- TASK -
What is needed is an exact reproduction of the listing, without its pictures.

- DATA BLOCK -
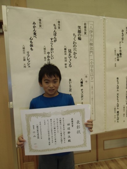 昨日孫から嬉しい電話が掛かってきた。第五回八伊予に関する川柳部門の小学生の部で最優秀に選ばれ、その表彰式に行ってきたというのだ。この制度を五年も前からやっているというのも嬉しいし、何よりも川柳の部門があるということが嬉しい、これからも継続していただきたい。そしてそれ以上に孫の句が最優秀に選ばれたことが何よりもうれしい。
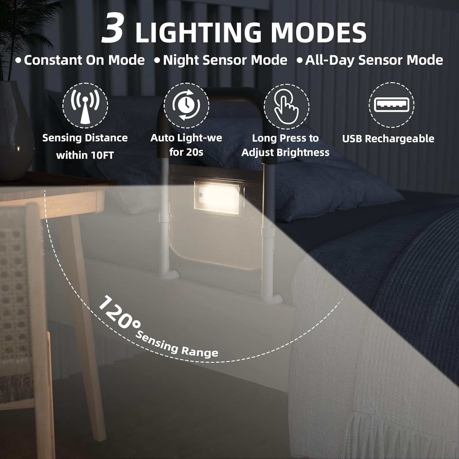 - ๐๐๐๐ข๐๐๐ฅ ๐๐๐๐ซ๐๐ข๐ฅ๐ฌ ๐๐ข๐ ๐ก๐ญ & ๐๐ญ๐จ๐ซ๐๐ ๐ ๐๐จ๐๐ค๐๐ญ: To prevent dangerous falls, our portable handle bedside railing features a sturdy safety LED motion sensor light. This light magnetically attaches to wherever you want to stick, ensuring you have a clear path when going to the bathroom at night. The induction of bright light automatically activates when moving, increasing your safety and peace of mind. The bed handrail is equipped with a practical storage bag, which can be used to store glasses, remote control, books, newspapers and medical supplies.
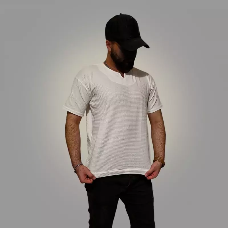 *تیشرت با یقه کوبایی *خاص و جذاب *تن خور زیبا *تک رنگ سفید *جنس پارچه بیستکویتی *در دو سایز XLو2XL
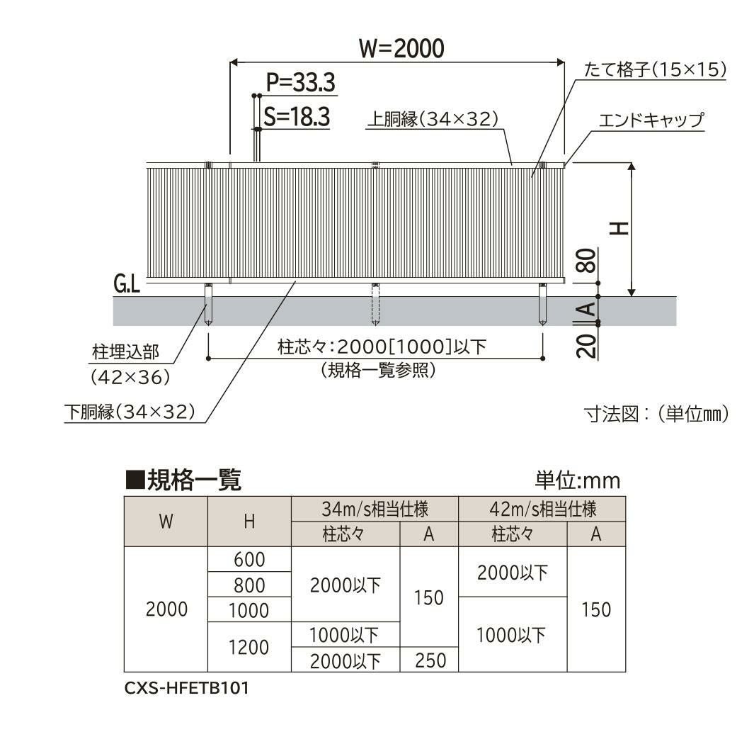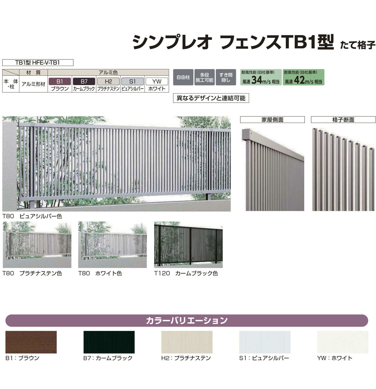 シンプレオフェンスTB1型 H1200タイプ(T120) 専用 ポール 自由柱+胴縁固定金具セット(耐風性能34m/秒相当)

- EXERCISE RESPONSE -
 昨日孫から嬉しい電話が掛かってきた。第五回八伊予に関する川柳部門の小学生の部で最優秀に選ばれ、その表彰式に行ってきたというのだ。この制度を五年も前からやっているというのも嬉しいし、何よりも川柳の部門があるということが嬉しい、これからも継続していただきたい。そしてそれ以上に孫の句が最優秀に選ばれたことが何よりもうれしい。
 - ๐๐๐๐ข๐๐๐ฅ ๐๐๐๐ซ๐๐ข๐ฅ๐ฌ ๐๐ข๐ ๐ก๐ญ & ๐๐ญ๐จ๐ซ๐๐ ๐ ๐๐จ๐๐ค๐๐ญ: To prevent dangerous falls, our portable handle bedside railing features a sturdy safety LED motion sensor light. This light magnetically attaches to wherever you want to stick, ensuring you have a clear path when going to the bathroom at night. The induction of bright light automatically activates when moving, increasing your safety and peace of mind. The bed handrail is equipped with a practical storage bag, which can be used to store glasses, remote control, books, newspapers and medical supplies.
 *تیشرت با یقه کوبایی *خاص و جذاب *تن خور زیبا *تک رنگ سفید *جنس پارچه بیستکویتی *در دو سایز XLو2XL
 シンプレオフェンスTB1型 H1200タイプ(T120) 専用 ポール 自由柱+胴縁固定金具セット(耐風性能34m/秒相当)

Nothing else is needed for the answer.